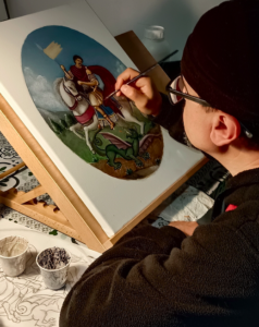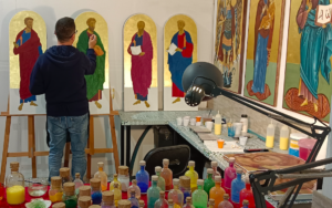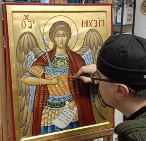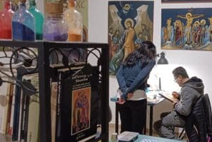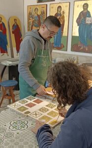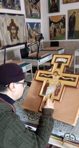 Qui non si utilizzano tecniche o forme d’arte contemporanee: ogni opera viene realizzata secondo la tradizione, con l’impiego della tempera all’uovo, dei pigmenti naturali e del vero oro zecchino. Questa scelta non è solo una questione di stile, ma un atto di rispetto verso l’eredità culturale e spirituale dell’arte sacra. Ogni passaggio, dalla preparazione dei supporti alla stesura dei colori, è eseguito manualmente, con cura e precisione, secondo procedimenti tramandati nei secoli.
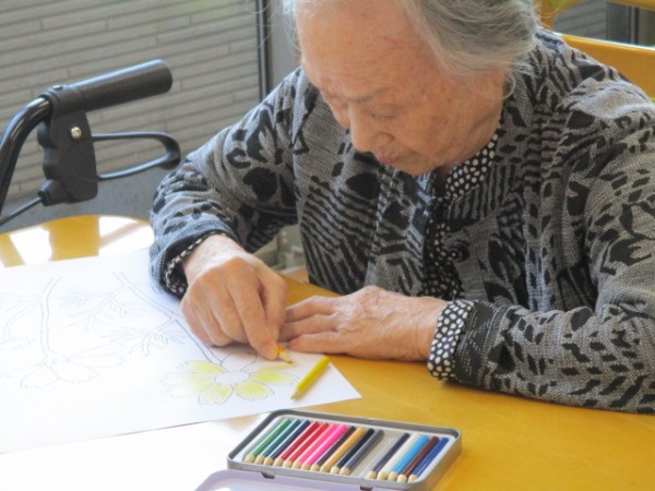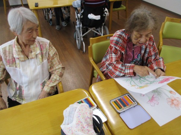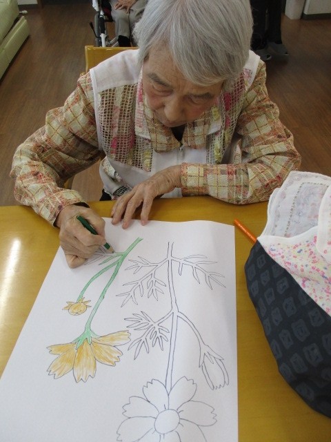 コスモスの塗り絵を行っています( ^ω^)・・・ オレンジやピンクの色で塗られたコスモスのお花綺麗ね! と話されていました(*^_^*)
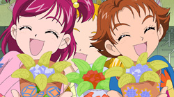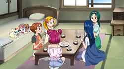 | わがしやをしているこまちのいえは、なつまつりにまいとしでみせをだしているんだ。 ことしはこまちがかんがえた「スペシャルカキゴオリ」をうることになったの! ようかん、あんみつ、あんこをのせたとってもおいしそうなカキゴオリなんだ☆ でもおまつりのひ、とどいたコオリをガマオにぜんぶたべられてしまったの! あわててこまちはもういちどコオリをちゅうもんするんだけど、もうまにあわなくて・・。 あきらめかけるけど、かれんにせっとくされて、ふたりでたくさんのメーカーにでんわをしたの。 でもコオリがのこっているかいしゃはみつからない。 そんなときのぞみのことばをヒントに、コオリのかわりにナツミカンをつかってフルーツアラモードをつくることをひらめいたんだ! でもまたガマオがじゃまをしにあらわれて・・! |
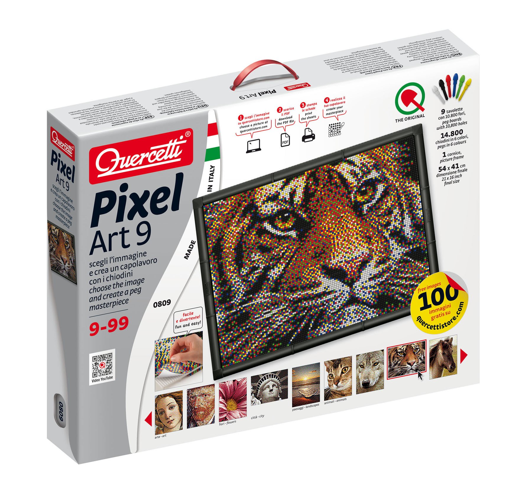- Pixel Art è una rivisitazione moderna e accessibile dei classici chiodini Quercetti, adatta a tutte le età.

--- --- ---

**WHAT NEEDS TO BE DONE:** Leave out the pictures. Transcribe only the lines above, from the first through the one that contains "コスモスの塗り絵を行っています( ^ω^)・・・ オレンジやピンクの色で塗られたコスモスのお花綺麗ね!".

**RESULT:**
 Qui non si utilizzano tecniche o forme d’arte contemporanee: ogni opera viene realizzata secondo la tradizione, con l’impiego della tempera all’uovo, dei pigmenti naturali e del vero oro zecchino. Questa scelta non è solo una questione di stile, ma un atto di rispetto verso l’eredità culturale e spirituale dell’arte sacra. Ogni passaggio, dalla preparazione dei supporti alla stesura dei colori, è eseguito manualmente, con cura e precisione, secondo procedimenti tramandati nei secoli.
 コスモスの塗り絵を行っています( ^ω^)・・・ オレンジやピンクの色で塗られたコスモスのお花綺麗ね! と話されていました(*^_^*)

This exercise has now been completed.